# Had no choice on this Cheetah!!



## MoMan (Dec 27, 2010)

I topped of the tank in my truck the other day, when I got home I looked at the receipt:









I took this as a 'sign', so I went to my LGS and poked around a bit.
I didn't need another 1911, BUT, I could always use 'something'.
















I was talking to my Buddy who owns the shop, and told him I was looking for 'something, just didn't know what it was'. He says; "go behind the counter there, and grab that Beretta in there, I traded for it yesterday". I did, I looked at the tag and he had it marked at $500. There were others in there, so he shook his head no, and held up 4 fingers. I bought this for $400 OTD. It is a Beretta 84FS Cheetah.
Oh, yea, I filled out the 4473, no BGC required, as I have my KY CCDW, and KY doesn't require a BGC with a valid CCDW. I walked out the door with my new pistol after what really was a 5 minute transaction.

Heading to the range sometime this week, and will do a range report when I do.

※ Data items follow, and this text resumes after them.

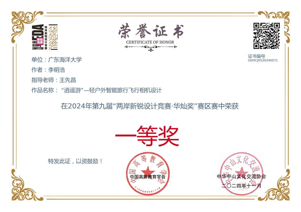 4 beat365官方登录 “逍遥游”—轻户外智能旅行飞行相机设计 李明浩 王先昌 全国三等奖
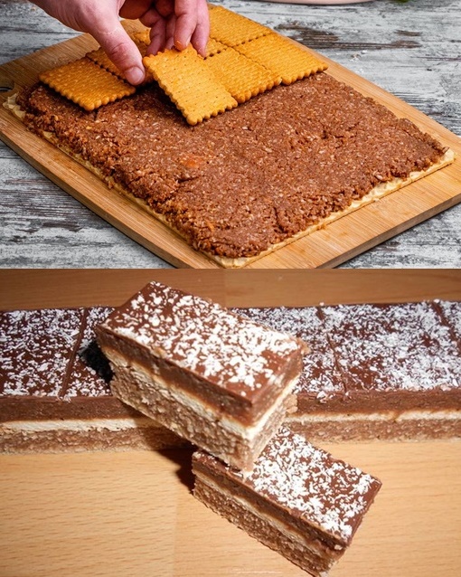 Dvije šolje vode, 125 grama margarina, 200 grama sjeckanog kokosa, 100 grama čokolade, 250 grama mljevenog keksa, jedan list oblatne i 200 grama keksa.
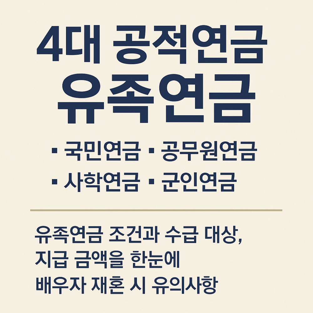 "국민연금, 공무원연금, 사학연금, 군인연금 유족연금 조건과 수급 대상, 지급 금액을 한눈에 정리했습니다.
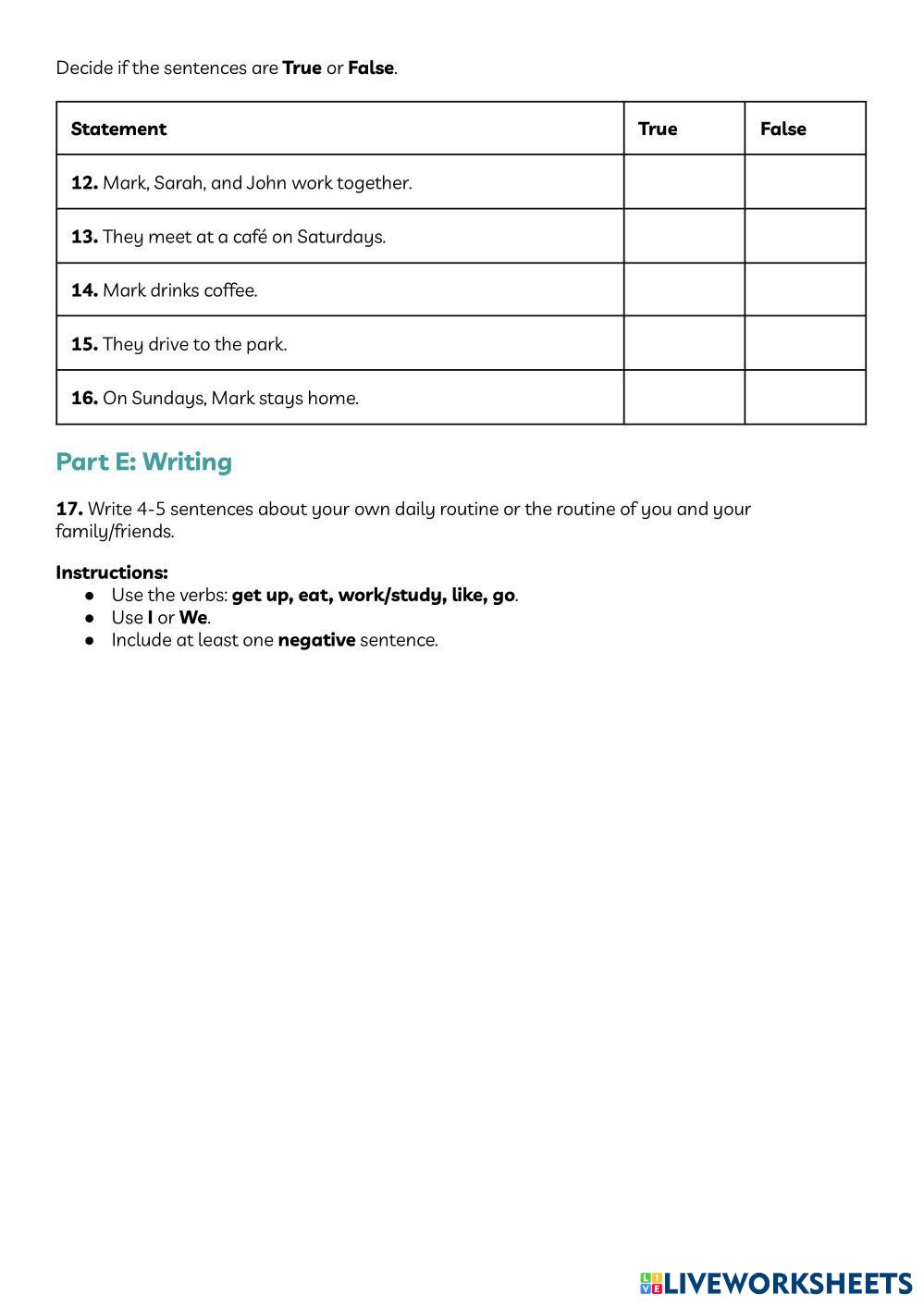 Created by cuentag English Language Middle School 8th grade Grammar English Author's Instructions Complete the following task My Google Classroom Courses × 0 classes selected (0 students total) Quick Access Select all classes (0 classes) All Classes Loading courses... Cancel Share Share to selected Course __COURSE_NAME__ __STUDENT_NAME__ (__STUDENT_EMAIL__) Simple present Download Worksheet Validation Check my answers Emails my answers to my teacher Full name Group/level School subject Teacher's email or key code Close Submit Validating worksheet... (12) Your answers have been sent to your teacher. Good luck! OK We encountered an error submitting your answers. Please try again. OK Advertisement | Go Ad Free Created by cuentag English Language Middle School 8th grade Grammar English Author's Instructions Complete the following task Explore Worksheets Exam unit 2 English Language 8th grade Exam unit 2 Grammar - English Language Read the intructions carefully. Online_Viet Teacher_S8_W30_U6_Grammar Revision English Language 8th grade Online_Viet Teacher_S8_W30_U6_Grammar Revision Grammar - English Language Online_Viet Teacher_S8_W30_U6_Grammar Revision Int III u 7 English Language 8th grade Int III u 7 Grammar - English Language modal verbs of deduction, phrasal verb go Adosphère A1.2 Unité 2 English Language 8th grade Adosphère A1.2 Unité 2 Grammar - English Language Test 2 Adosphère
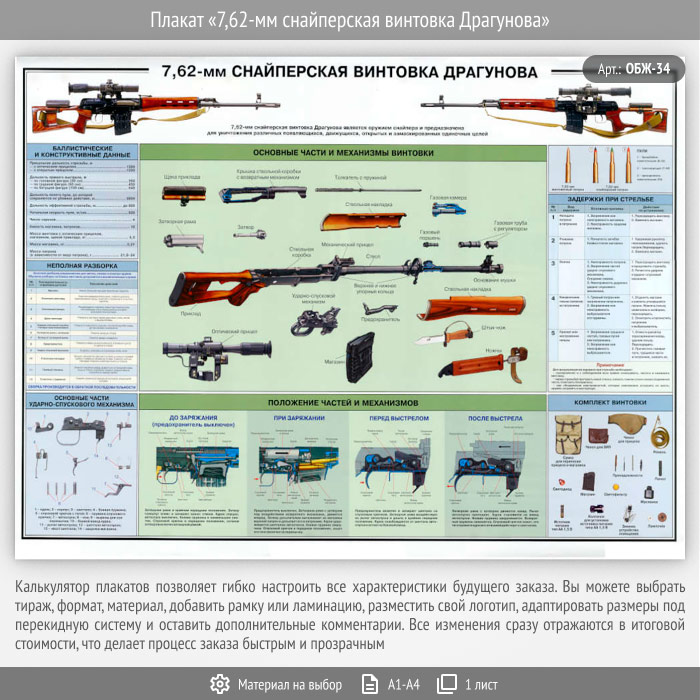 Плакат «7,62-мм снайперская винтовка Драгунова» (ОБЖ-34, 1 лист) в Нижнекамске купить

INCIDENTALLY, that receipt was for 9.5 gal., at $2.009, gal. Today it is at $1.969.


----------



## rustygun (Apr 8, 2013)

I like it. I hope it shoots great for you. I have to get gas tomorrow ill be sure to check my receipt.


----------



## SamBond (Aug 30, 2016)

MoMan said:


> It is a Beretta 84FS Cheetah.


I bought one of those way back when they first came out. That was before they named them "Cheetah" and before they had a decocker. It had smooth wood stocks that fit the hand perfectly and was the absolute best 'point shooter' I've ever filled my hand with. You're gonna really like that pistol.
Those early models gained some collectors value so I sold the best point shooter I've ever owned thinking nines are smaller, I can buy two pistols for what I sold the old M84 for, holster choices are limited and it's only a 380.
Not sure I used the best logic there considering it took THREE nines to get something that I could count on, we now have 380 HP ammo that will actually expand and I've ended up using the same type of holster that Beretta sells for the M84... Lol
Congrats, You're gonna like that 84.

Sam


----------



## aarondhgraham (Mar 17, 2011)

At first I thought you had purchased one of the Model 81's that are flooding the market.

I've never seen so much chatter on the forums as those have generated,,,
I think I ordered mine the 2nd day that Classic Firearms offered them.

You got a great price on that pistol though,,,
I paid the same for a used Model 85BB and two mags.

I liked it so much that later that year,,,
I ordered a brand new Model 87.

In my not-so-humble opinion,,,
The Beretta Cheetah's are among the finest pistols ever produced.

Nice score my friend,,,
Nice score.

Aarond

.


----------